Quote:
Originally Posted by ShamsWoof10
What's the advantage to scraping and what's the advantage to xml feeds..? It looks like a buch of bionary code... Forgive me for being unaware but I can't make heads or tails of it... Just looks like bionary code..
|
Well first off,
binary code will look something this:
Quote:
|
00000000 00010001 00000100 11111111 00010011 00000111 00000100 00010010 00000100 11111111 00001111 00000100 00001110 00001111 00001011 00000100 11111111 00010001 00000100 00000000 00001011 00001011 00011000 11111111 00010011 00000111 00000000 00010011 11111111 00000101 00010100 00000010 00001010 00001000 00001101 00000110 11111111 00010010 00010011 00010100 00001111 00001000 00000011 11111111 11111111
|
While XML may not always be transparently human readable it's still much higher level and easier to visually parse than binary (not that a properly motivated person couldn't read binary with a modest effort ...)
The advantage to an XML feed over scraping is that it's provided by design and follows a guaranteed format. HTML pages may will frequently have their formatting modified and will so without warning or description . Furthermore, many companies look askance and those scraping their pages. XML should be the default choice.
As a general rule, there really is no advantage to scraping over XML. However, there may well be
case-specific reasons why XML could be preferable.
For example:
- Pinnacle's XML feed does not provide access to the lines reflected in its drop-down box prices. If you wanted to automatically read this data you couldn't do so using their standard XML and instead would need to scrape the HTML.
- A sportsbook may not devote the same quality of technology to its XML provision server as it might to its HTML provision server (or servers). The reason for this is obvious. It's more profitable to invest resources to a website used by nearly all of its customers, than to a feed used by a relatively small number. One effect of this could be what I mentioned in the first post of this thread; namely that accessing the feed could become extremely slow process. Another effect could be an unreliable XML feed that often crashed.
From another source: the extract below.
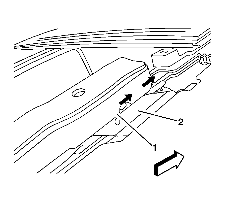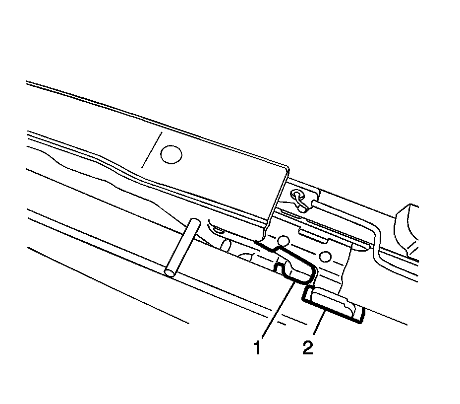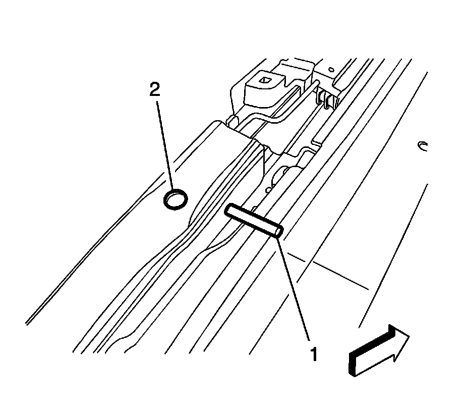3. Remove the dowel pin (1) from the holes (2) on both sides of the sunroof frame that held the cams in position while installing the motor/actuator.
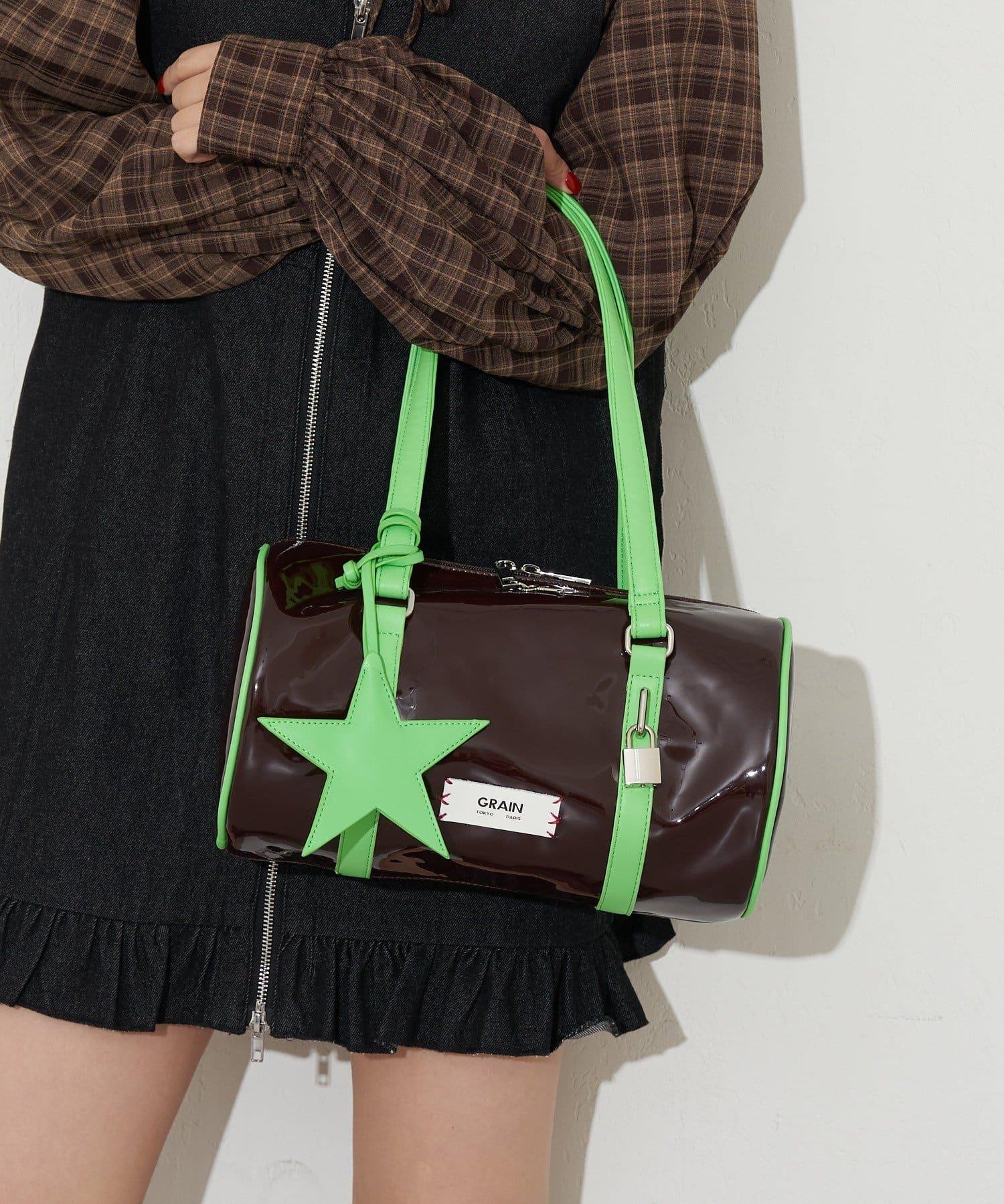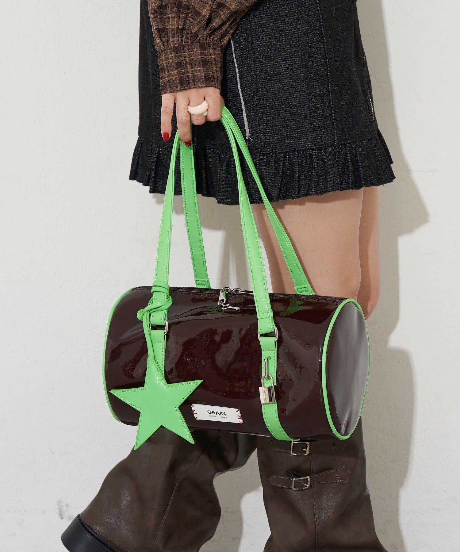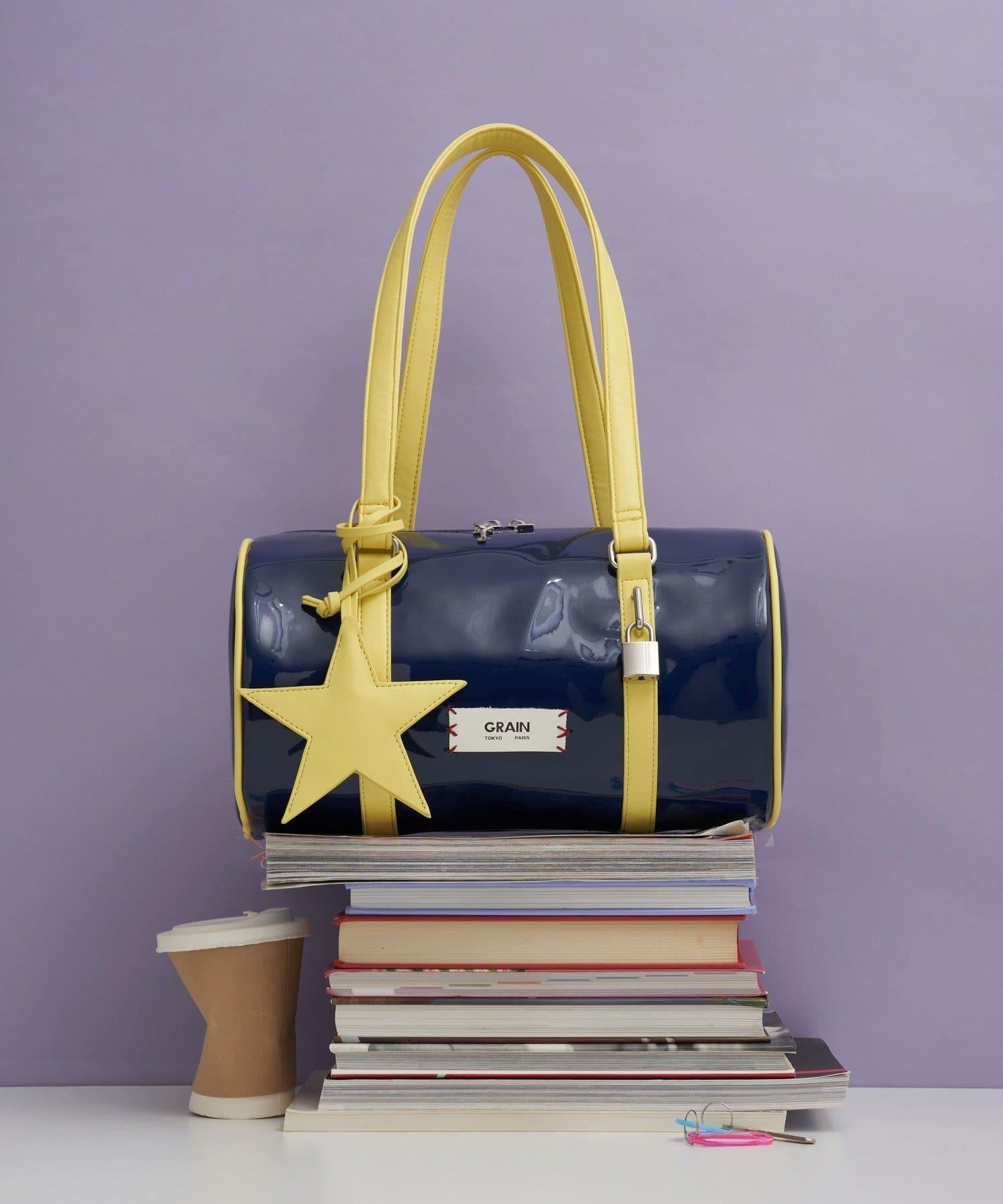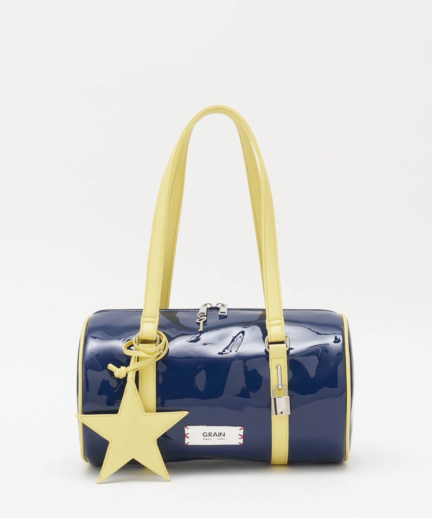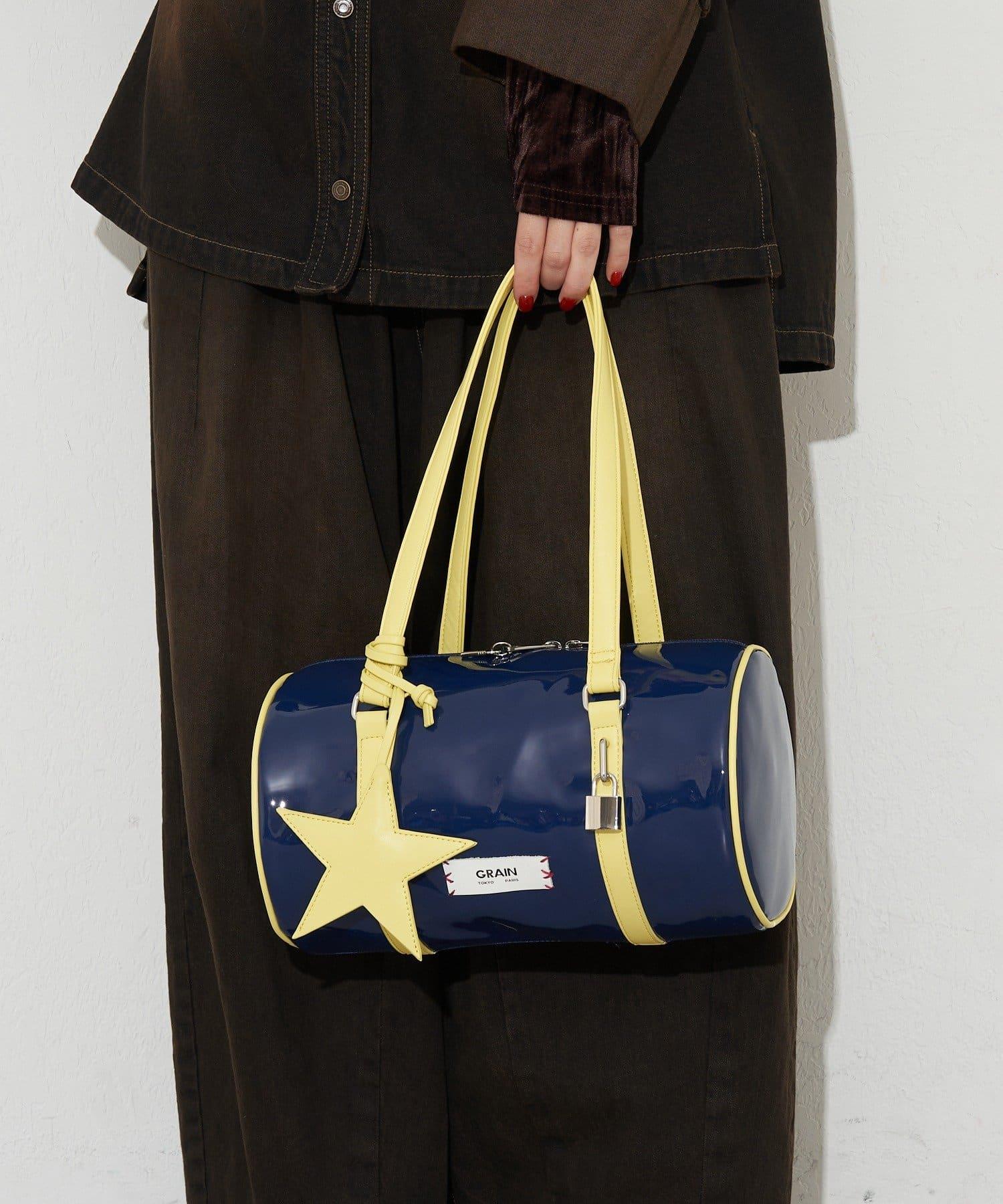 【GRAIN/グレイン】帶星形掛飾漆皮圓筒波士頓包

- A company can effectively exert a lot more control over its XML feed than over its HTML.. The reason is b/c if a company sees you accessing its feed, it knows exactly what you're doing and can hence forbid you from accessing it too frequently. If you're scanning a web page, however, a book can't know for certain what you're doing and will typically allow you more latitude in terms of query frequency.
- Data providers that provide HTML data, sometimes charge money for dedicated XML feeds.
Anyway, this is by no means a complete list, but is just a few thoughts off the top of my head. These reasons (which may not even exist in any particular circumstance). may or may not outweigh the pronounced structural advantages of XML. Use XML unless you have a good reason not to.